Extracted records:
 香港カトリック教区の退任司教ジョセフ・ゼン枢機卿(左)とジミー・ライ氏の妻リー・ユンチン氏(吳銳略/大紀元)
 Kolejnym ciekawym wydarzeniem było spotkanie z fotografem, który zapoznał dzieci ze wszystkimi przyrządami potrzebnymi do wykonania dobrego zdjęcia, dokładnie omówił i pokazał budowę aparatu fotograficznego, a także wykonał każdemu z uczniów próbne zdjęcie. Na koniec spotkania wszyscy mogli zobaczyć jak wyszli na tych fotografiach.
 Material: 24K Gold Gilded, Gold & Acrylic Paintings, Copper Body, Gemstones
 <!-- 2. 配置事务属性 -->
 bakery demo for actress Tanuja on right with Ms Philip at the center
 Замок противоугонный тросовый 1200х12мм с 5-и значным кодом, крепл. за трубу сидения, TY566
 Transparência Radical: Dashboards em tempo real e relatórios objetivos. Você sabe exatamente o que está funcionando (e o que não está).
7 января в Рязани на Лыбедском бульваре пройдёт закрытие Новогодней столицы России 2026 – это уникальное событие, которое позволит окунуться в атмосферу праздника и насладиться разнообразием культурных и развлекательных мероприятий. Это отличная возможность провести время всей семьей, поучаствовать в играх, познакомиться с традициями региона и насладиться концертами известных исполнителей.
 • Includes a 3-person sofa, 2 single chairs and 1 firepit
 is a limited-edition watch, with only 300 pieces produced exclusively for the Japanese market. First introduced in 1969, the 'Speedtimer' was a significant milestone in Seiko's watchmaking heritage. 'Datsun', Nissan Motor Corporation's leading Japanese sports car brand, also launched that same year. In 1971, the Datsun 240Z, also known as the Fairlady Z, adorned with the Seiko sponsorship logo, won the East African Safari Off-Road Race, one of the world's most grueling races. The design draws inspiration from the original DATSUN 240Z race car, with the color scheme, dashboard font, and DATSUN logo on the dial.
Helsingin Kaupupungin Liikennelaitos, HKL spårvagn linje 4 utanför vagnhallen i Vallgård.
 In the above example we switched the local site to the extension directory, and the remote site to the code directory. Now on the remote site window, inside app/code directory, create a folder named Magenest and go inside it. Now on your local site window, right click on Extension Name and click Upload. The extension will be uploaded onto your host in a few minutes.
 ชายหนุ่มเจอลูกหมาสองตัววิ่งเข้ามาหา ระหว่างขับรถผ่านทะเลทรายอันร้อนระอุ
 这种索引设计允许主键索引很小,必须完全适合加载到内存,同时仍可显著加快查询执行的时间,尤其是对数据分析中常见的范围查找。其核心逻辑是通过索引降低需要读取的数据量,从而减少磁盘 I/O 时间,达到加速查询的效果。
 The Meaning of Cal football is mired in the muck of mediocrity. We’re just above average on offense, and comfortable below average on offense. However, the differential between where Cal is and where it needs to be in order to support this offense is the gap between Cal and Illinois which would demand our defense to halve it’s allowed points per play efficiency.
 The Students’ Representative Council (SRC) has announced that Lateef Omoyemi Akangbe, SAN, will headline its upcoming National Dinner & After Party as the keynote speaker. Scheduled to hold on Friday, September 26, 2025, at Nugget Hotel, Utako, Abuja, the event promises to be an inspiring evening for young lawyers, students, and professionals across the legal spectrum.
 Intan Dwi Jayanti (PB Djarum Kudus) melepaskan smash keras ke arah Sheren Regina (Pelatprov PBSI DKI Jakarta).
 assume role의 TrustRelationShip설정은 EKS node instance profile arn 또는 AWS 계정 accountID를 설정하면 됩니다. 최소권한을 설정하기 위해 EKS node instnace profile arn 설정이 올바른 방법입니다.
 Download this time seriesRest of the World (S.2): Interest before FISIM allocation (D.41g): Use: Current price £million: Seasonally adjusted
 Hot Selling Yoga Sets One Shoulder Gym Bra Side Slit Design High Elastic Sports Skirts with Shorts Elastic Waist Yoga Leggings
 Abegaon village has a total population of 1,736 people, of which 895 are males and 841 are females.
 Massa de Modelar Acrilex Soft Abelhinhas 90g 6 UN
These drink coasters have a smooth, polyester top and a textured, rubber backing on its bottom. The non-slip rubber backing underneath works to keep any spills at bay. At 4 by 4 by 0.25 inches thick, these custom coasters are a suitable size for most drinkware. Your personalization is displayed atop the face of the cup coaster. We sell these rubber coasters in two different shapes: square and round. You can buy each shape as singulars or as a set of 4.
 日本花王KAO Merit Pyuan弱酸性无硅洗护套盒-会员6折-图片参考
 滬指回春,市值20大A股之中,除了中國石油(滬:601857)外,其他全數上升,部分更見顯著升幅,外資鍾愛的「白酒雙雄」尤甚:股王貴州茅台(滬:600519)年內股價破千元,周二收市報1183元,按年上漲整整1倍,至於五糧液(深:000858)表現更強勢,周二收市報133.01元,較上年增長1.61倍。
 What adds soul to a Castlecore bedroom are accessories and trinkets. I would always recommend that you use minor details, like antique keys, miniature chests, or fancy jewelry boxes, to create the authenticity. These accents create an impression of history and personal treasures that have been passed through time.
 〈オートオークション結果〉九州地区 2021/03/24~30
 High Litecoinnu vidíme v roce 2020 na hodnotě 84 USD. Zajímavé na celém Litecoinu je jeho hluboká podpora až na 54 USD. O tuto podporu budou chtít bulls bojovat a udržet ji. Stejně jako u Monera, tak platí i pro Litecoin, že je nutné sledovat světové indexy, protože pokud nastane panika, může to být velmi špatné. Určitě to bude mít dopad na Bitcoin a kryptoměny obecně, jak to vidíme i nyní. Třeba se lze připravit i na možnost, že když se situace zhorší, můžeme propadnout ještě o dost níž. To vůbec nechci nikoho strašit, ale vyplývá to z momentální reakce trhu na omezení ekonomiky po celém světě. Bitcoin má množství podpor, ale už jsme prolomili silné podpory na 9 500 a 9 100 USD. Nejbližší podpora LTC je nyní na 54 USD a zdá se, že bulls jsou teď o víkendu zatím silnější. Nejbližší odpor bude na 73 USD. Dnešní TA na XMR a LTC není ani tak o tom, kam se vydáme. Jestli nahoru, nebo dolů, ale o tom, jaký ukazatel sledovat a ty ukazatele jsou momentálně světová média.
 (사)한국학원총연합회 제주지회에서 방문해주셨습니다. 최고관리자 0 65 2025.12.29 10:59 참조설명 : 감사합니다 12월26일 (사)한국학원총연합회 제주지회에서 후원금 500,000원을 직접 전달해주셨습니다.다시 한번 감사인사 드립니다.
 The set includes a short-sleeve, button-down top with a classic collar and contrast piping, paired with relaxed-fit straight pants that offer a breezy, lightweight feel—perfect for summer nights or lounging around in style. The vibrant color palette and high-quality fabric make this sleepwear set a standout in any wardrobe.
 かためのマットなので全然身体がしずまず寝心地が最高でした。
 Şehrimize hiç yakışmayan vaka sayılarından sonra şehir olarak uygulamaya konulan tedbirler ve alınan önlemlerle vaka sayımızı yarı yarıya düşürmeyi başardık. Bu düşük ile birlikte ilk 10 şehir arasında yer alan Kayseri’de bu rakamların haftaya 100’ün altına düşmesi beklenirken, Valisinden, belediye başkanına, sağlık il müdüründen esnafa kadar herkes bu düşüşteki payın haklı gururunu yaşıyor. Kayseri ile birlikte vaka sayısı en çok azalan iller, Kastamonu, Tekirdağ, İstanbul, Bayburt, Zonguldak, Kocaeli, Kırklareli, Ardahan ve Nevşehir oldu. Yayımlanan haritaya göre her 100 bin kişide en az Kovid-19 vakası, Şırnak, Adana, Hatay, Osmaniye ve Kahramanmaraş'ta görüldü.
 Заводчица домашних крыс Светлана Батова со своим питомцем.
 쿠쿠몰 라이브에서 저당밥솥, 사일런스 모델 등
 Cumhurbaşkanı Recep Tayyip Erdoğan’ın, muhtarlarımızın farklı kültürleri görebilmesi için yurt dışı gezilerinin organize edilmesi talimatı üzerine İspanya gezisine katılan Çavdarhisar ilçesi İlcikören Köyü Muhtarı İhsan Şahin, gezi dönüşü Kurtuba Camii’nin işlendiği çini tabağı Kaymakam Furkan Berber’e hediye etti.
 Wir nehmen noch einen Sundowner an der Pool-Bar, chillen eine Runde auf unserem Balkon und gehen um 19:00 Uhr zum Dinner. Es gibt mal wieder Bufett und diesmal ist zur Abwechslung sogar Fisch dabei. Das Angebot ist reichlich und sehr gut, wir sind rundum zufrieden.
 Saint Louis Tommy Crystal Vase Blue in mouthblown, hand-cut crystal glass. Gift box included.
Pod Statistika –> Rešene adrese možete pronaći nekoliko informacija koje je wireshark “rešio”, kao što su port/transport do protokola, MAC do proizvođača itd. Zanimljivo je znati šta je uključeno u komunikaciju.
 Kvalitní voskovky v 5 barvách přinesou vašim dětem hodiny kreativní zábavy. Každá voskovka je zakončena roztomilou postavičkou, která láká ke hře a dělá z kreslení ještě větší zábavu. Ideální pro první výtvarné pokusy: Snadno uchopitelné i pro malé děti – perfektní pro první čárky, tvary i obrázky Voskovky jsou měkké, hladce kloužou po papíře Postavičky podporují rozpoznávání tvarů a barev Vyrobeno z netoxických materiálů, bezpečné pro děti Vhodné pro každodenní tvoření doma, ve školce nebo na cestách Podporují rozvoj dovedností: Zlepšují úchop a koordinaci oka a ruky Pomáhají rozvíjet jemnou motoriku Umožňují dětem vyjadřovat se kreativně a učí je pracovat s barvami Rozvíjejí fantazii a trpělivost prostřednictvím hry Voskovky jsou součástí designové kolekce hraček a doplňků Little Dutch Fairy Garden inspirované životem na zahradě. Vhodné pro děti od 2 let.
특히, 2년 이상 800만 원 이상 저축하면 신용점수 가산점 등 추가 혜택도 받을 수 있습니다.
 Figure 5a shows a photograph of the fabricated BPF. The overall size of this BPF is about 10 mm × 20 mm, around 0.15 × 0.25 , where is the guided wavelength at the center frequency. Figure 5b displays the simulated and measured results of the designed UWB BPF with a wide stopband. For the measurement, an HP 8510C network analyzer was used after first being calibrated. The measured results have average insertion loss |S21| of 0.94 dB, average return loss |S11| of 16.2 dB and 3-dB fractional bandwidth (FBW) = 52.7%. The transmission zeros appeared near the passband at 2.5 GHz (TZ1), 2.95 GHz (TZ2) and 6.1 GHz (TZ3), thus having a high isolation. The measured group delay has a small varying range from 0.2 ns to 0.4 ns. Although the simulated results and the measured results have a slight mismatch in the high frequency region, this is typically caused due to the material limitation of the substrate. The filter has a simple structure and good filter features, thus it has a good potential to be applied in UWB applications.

* [PROMPT]:
Your answer must consist solely of the lines above between the line holding "Intan Dwi Jayanti" and the line holding "Download this time", inclusive, copied exactly.

* [WRITTEN ANSWER]:
 Intan Dwi Jayanti (PB Djarum Kudus) melepaskan smash keras ke arah Sheren Regina (Pelatprov PBSI DKI Jakarta).
 assume role의 TrustRelationShip설정은 EKS node instance profile arn 또는 AWS 계정 accountID를 설정하면 됩니다. 최소권한을 설정하기 위해 EKS node instnace profile arn 설정이 올바른 방법입니다.
 Download this time seriesRest of the World (S.2): Interest before FISIM allocation (D.41g): Use: Current price £million: Seasonally adjusted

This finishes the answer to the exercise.